Speaking during a press conference Monday , the Association’s chairman Musau Ndunda stated that this will ensure that directives from the Ministry are obeyed.

Musau pointed out that as a result of being under TSC, when an order is given by the Ministry; it is usually ignored since it is the commission which disciplines school heads.

“The TSC under the TSC Act section 11(e) delegated themselves functions which were not given to them under the Constitution and that is why we are saying Parliament must amend that section 11 (e) to scrap it so that Principals can now become managers under the Ministry of Education,” he said.

He further indicated that the association will be moving to court soon to stop the Form One selection exercise until the fees issue is sorted out.
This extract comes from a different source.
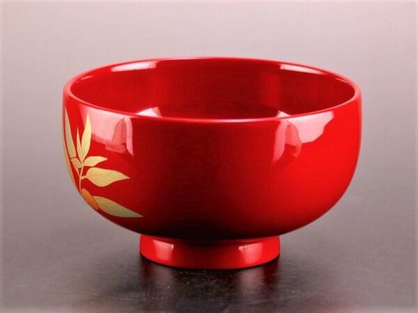手にぴったり収まるサイズの汁椀。漆塗装なので、熱い汁物を入れても熱が伝わりにくい!お色は黒内朱と朱色の2色。こちらは全体が朱色で底が黒色。お椀の底には十二月十日の文字入りです。

“We do not want rituals, you know every year launching something and no answer is gotten. We have decided as an organization that we will be moving to court to stop the process of Form One selection until we sign a consent order in court with the government so that the people who are directly managing the education in this country can implement that,” he stated.

Ndunda revealed that the association has documentary evidence of over 100 schools have hiked fees above the stipulated ceilings. He says Parliament should empower the Education Cabinet Secretary to take charge of the TSC which he says has encouraged impunity in the education sector.

Education Principal Secretary Belio Kipsang had in the meantime directed all County Directors to submit lists of all public secondary schools that have flouted the fees guidelines by Monday 4pm.

In a circular, Kipsang emphasized that the gazetted fees ceilings took effect from January last year and schools are expected to spread the payments over three school terms.

Kipsang further instructed the county directors to ensure that no public secondary school under their jurisdiction violated the gazetted fees.

He had stated that appropriate action should also be taken on schools charging beyond the recommended amounts and without the approval of the Cabinet Secretary.

According to Ndunda, some of the added costs will cater for tea, hot water, extra-curricular activities and an education motivation fund among others.

The said schools have doubled their school fees while ignoring the gazetted fee structure and government capping. For instance, in Busia County, Ndunda said the students have been required to contribute money to an account called Kenya Secondary School Heads Association.

He stated that some of the schools are charging as high as Sh100,000 per term in fees.

The gazetted school fees structure requires children attending boarding schools to pay Sh26,750 in first term, Sh16,050 in second term and Sh10,700 during third term.

For those attending day schools, they are supposed to pay Sh4,600 in first term Sh2,500 second term and Sh800 in the third term.